The student loan debt “crisis” has been making headlines across the country and drawing strong responses from all the major presidential candidates. There is a lot of discussion about making college free, forgiving student debt, or providing federal refinance programs. At the same time, there are horror stories about folks who have mountains of student debt that they don’t see how they can pay off. Against this backdrop, prospective college students need to make complicated financial decisions in the next few months about how to pay for college. For some students, who are still teenagers, these questions may seem daunting. Perhaps some general guidelines about education finance would be helpful.
First, taking on debt requires careful consideration, mature planning, and is not always appropriate. Credit is ubiquitous in our society. According to the Federal Reserve, total consumer debt in America is over $3,500,000,000,000 – that’s TRILLION! – and this excludes mortgage debt. Debt generally falls into two categories: secured and unsecured. Secured debt means money borrowed to finance the purchase of an asset that has a long life span, such as a home or a car. It is “secured” because the lender can take the asset if the borrower doesn’t pay back the debt. Think about the foreclosure on a home or repossession on a car and you have the right idea. Unsecured debt is backed only by the borrower’s willingness and ability to pay.
Student debt is a bit of a hybrid. While no lender can “repossess” your education, you are in fact financing a long term asset, i.e. your education. It might seem odd to consider your education an “asset” like a car or a home. But in a way it is, since your education is the means by which you will achieve your livelihood, hopefully for many decades.
Certainly, there is much more to getting an education than securing future income. There is the community you will join, the relationships you will build, the books you will read, and the teachers who will mentor and guide you. But, at the same time, you may spend tens, maybe hundreds, of thousands of dollars. Is it reasonable to borrow some of that?
Cold hard math would suggest that it is. Many studies have shown that college graduates earn more – much more – than those who lack a college degree. And this earnings disparity is likely to persist over many decades. Suppose one were to borrow $50,000 to earn a college degree and, as a result, increase one’s future earnings by $30,000 per year for the rest of one’s working life. These are not fanciful assumptions; they are actually supported by recent studies from the Economic Policy Institute showing college graduates earn nearly twice as much as high school graduates. Assuming a 30-year working career, that $50,000 investment would be repaid many times over. In strictly financial terms that would be perhaps the best investment one could ever make.
But some education investments are not quite so good, and students should also consider the potential downside. Suppose one were to borrow $50,000 and not graduate. Not only is there the cost of foregone income while in school but also the dismal prospect of not earning any more than one would have earned without the college interlude. Here it’s easy to see that the $50,000 in debt can potentially leave one worse off. The question is, how do you decide?
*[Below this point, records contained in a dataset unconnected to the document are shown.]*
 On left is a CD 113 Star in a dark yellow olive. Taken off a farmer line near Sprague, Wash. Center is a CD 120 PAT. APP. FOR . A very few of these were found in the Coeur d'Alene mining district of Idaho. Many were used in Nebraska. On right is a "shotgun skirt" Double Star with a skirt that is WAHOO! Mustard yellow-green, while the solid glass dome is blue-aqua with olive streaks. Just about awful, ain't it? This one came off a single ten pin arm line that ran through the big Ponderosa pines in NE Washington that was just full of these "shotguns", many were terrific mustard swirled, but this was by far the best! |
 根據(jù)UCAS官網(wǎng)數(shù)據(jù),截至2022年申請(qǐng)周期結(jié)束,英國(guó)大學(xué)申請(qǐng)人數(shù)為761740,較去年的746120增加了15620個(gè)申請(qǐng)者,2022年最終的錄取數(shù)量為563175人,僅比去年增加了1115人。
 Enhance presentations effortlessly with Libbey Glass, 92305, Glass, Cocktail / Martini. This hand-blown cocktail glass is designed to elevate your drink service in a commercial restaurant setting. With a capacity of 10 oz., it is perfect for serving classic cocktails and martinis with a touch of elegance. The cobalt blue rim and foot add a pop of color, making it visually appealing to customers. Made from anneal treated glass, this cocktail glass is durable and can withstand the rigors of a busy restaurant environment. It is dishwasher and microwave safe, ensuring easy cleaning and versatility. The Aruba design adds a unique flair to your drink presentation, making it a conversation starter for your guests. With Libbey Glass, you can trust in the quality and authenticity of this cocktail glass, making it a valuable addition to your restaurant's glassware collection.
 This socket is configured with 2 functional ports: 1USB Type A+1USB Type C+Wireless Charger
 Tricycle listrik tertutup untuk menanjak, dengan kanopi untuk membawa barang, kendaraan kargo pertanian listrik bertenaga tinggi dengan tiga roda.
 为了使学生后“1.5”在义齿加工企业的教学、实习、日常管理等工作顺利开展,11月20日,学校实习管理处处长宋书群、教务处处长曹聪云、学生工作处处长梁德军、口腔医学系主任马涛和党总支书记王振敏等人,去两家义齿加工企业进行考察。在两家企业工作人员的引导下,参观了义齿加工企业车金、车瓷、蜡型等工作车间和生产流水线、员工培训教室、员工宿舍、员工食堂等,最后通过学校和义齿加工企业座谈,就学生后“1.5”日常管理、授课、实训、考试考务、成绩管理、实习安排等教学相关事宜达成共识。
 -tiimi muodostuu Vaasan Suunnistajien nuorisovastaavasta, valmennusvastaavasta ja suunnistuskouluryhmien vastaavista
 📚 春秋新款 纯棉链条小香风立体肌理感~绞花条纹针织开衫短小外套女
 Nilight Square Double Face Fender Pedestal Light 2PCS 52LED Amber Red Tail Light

Most students are optimistic, and it’s always a good idea to “bet on yourself.” But there are better and worse ways to bet on oneself. The key is having enough information to make the most informed choice you can. The Obama Administration has recently introduced a College Scorecard, which provides school-by-school information about graduation rates and post-graduate income levels. Such tools are invaluable in providing the information necessary for students to make informed choices. A number of studies have improved upon the scorecard and looked at various colleges’ “value added.” They attempt to answer the question, How much more does a student earn by going to one college versus another? This approach is an improvement on the “college or no college” framework. It uses real data to determine which colleges provide better returns on investment – or “return on education.” The Economist magazine has a very helpful calculator that looks at these sorts of economic returns to education.
So does it make sense to finance a part of your college education with borrowings? One should always be careful when borrowing, especially since education debt is not likely to be forgiven, even if the student goes bankrupt. But while a college education is more than a financial decision, it is not less than one. If you are confident that the degree you will receive will lead to lifetime earnings power well in excess of what you might earn without the degree, then some amount of debt is justified. But be realistic about post-graduation debt and income levels.
At College Ave, we try to make the first part as transparent as possible, and our calculator tool gives you the information you need to determine monthly payments at various debt levels. The income projections are available from a variety of sources such as the one linked above. Before borrowing, make sure you have a reasonable prospect of earning enough income that you will be able to repay the debt easily, not using much more than 15-20% of your after-tax income on debt repayment. As an example, a student who borrows $50,000 for four years of college at 7% for a 10-year term would have monthly payments of just under $600. If the graduate is now earning $40,000 per year after taxes, the loan payments would take about 17% of the post-tax income. Students should think ahead about reasonable budgets and only borrow if the math makes sense.
A college education is still part of the American Dream, and it might make sense to finance that dream – just be sure to do the math first!